The electrical conductivity, Seebeck coefficient, and power factor of the PPy–NT/paper are shown in Figure 5. The sample was cycled three times in the measured temperature range from ~300 K to ~370 K. Both the electrical conductivity and Seebeck coefficient are very stable. The electrical conductivity of the composite films increased slowly from ~0.048 S/cm to ~0.068 S/cm (average value for three measurements) as the temperature increased from ~300 K to ~370 K. However, this value is still lower than that of the PPy particle (3.98 S/cm) [2], PPy–NT film (9.81 S/cm) [10], HCl doped PPy–NTs (10.6 S/cm) [11], or PF6 doped PPy–NTs (2.4 S/cm) [11]. It is mainly due to the electrical isolation characteristic of paper [17]. The Seebeck coefficient also increased slowly from ~5.34 μV/K to ~8.21 μV/K (average value for three measurements) as the temperature increased in the measured temperature range.
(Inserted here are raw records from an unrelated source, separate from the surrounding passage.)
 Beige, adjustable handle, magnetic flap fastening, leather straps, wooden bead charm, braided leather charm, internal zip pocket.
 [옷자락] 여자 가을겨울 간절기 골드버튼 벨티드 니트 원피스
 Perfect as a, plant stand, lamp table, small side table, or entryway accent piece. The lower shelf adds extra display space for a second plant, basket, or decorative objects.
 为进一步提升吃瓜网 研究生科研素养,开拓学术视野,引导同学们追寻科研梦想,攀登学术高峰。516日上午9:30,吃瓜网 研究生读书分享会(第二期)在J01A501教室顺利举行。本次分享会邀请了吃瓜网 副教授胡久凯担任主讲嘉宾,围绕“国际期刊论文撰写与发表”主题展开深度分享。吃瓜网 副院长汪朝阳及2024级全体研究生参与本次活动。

The positive value of the Seebeck coefficient means PPy–NT/paper composite film is a p-type TE material. This value is lower than that of reported elsewhere, such as PPy particle (9.72 μV/K) [2], PPy–NT film (17.68 μV/K) [10], HCl doped PPy–NTs (11.4 μV/K) [11], and PF6 doped PPy–NTs (18.5 μV/K) as well [11].
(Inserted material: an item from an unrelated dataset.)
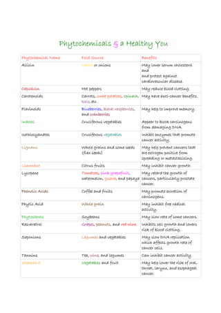 This document lists various phytochemicals found in foods and their potential health benefits. It discusses phytochemicals like allicin in garlic and onions that may lower cholesterol and protect against cardiovascular disease, as well as capsaicin in hot peppers that may reduce blood clotting. Additionally, it mentions carotenoids in foods like carrots and kale that may have anti-cancer benefits, and flavinoids in berries that may help improve memory. Overall, the document outlines different phytochemicals and their presence in foods, linking several to potential anti-cancer and heart-health promoting effects.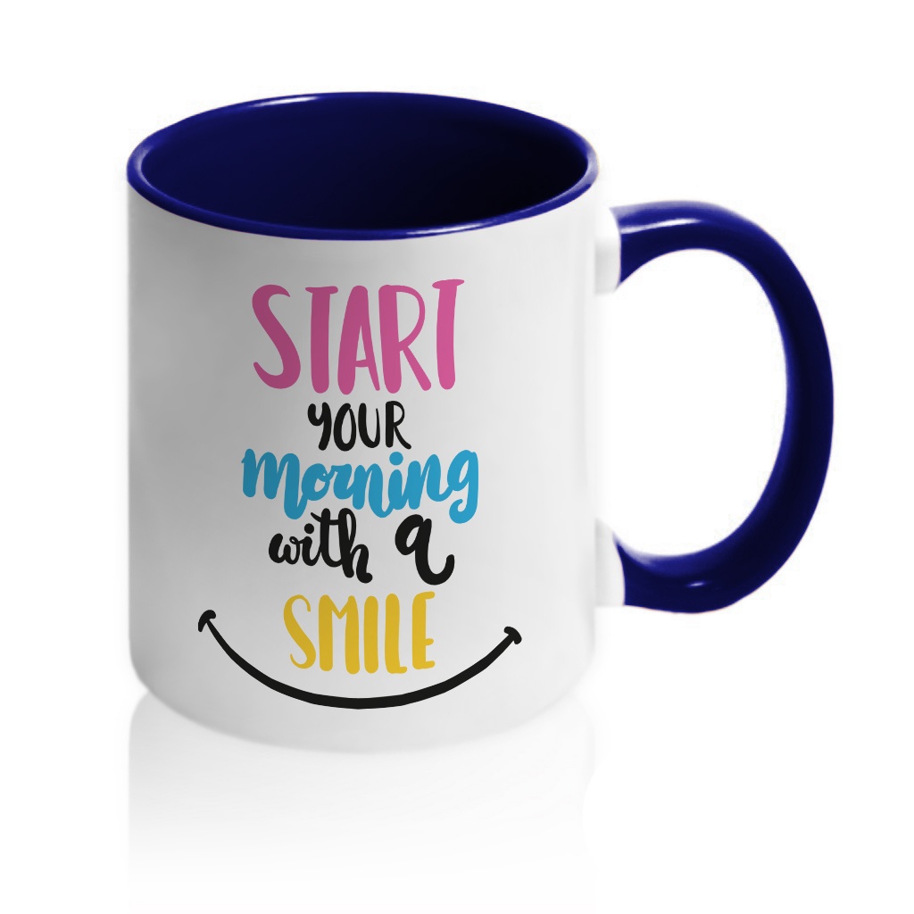 Кружка с принтом является отличным подарком коллеге, другу или самому себе ?Оригинальная керамическая кружка с принтом «Start your morning with a smile» порадует вас и ваших друзей. Кружка изготовлена из высокоплотной керамики (11 oz). Снаружи кружка белая. Внутренняя сторона, окантовка и ручка кружки могут быть в желтом, оранжевом, бордовом, синем и черном цветах. Данная кружка предназначена для персонализации, что гарантирует качественный и сочный рисунок на ней. Вы можете купить кружку Start your morning with a smile как в подарок, так и для себя. Разбавьте ваши будни яркими красками!

The power factor of PPy–NT/paper composite films also increased as the temperature increased from ~300 K to ~370 K, due to the same trend of the electrical conductivity and Seebeck coefficient of the composite films. A high power factor of 4.56 × 10−4 μW·m−1·K−2 (average value for three measurements) has been achieved at ~370 K. The thermal conductivity of the composite films is only 0.1275 W·m−1·K−1 at 300 K, which is much lower than that of inorganic materials, such as SnSe crystal (0.46–0.7 W·m−1·K−1) [18], and PPy–NT films (0.17 W·m−1·K−1) [10]. The thermal conductivity is the sum of electronic contribution and phonon contribution [14], and the electronic contribution is directly proportional to the electrical conductivity. For the PPy–NT/paper composite films, the electrical conductivity is only 0.048 S/cm at 300 K, which may be the main reason of the low thermal conductivity of PPy–NT/paper composite films. The ZT value of 3.2 × 10−7 was obtained at 300 K, which is lower than that of the traditional TE materials (such as Bi–Te based alloys with ZT ~1 [19]) and common thermocouples (e.g., Fe–constantan thermocouple with ZT ~5 × 10−4 [20]). Although this value is too low when compared to inorganic TE materials, e.g., SnSe [18] and BiSbTe [21], and conducting polymer, e.g., PEDOT:PSS [22,23], this is still a facile method to endow paper with stable TE properties. The process can be extended to other conducting polymers and substrates.
4. Conclusions
Flexible PPy–NT/paper composite thermoelectric films have been prepared by an in situ polymerization procedure using methyl orange as a template and paper as the substrate. The composite films show very stable TE properties in three measurements from ~300 K to ~370 K. Both the electrical conductivity and Seebeck coefficient of the PPy–NT/paper nanocomposite films were slowly enhanced as the measured temperature increased. The composite film has a low thermal conductivity of 0.1275 W·m−1·K−1, and a ZT value of 3.2 × 10−7 at ~300 K.
Acknowledgments
This work has been supported by the National Natural Science Foundation of China (61611530550, 61504081), the Program for Professor of Special Appointment (Young Eastern Scholar Program) at Shanghai Institutions of Higher Learning (QD2015039), and the Shanghai Innovation action plan project (17090503600, 15520503400).
Author Contributions
Jun Li performed the experiments, data analysis, and wrote the manuscript. Yong Du designed the experiments and wrote the manuscript. Runping Jia, Shirley Z. Shen, and Jiayue Xu offered valuable discussions in analyses and revised the manuscript.
Conflicts of Interest
The authors declare no conflict of interest.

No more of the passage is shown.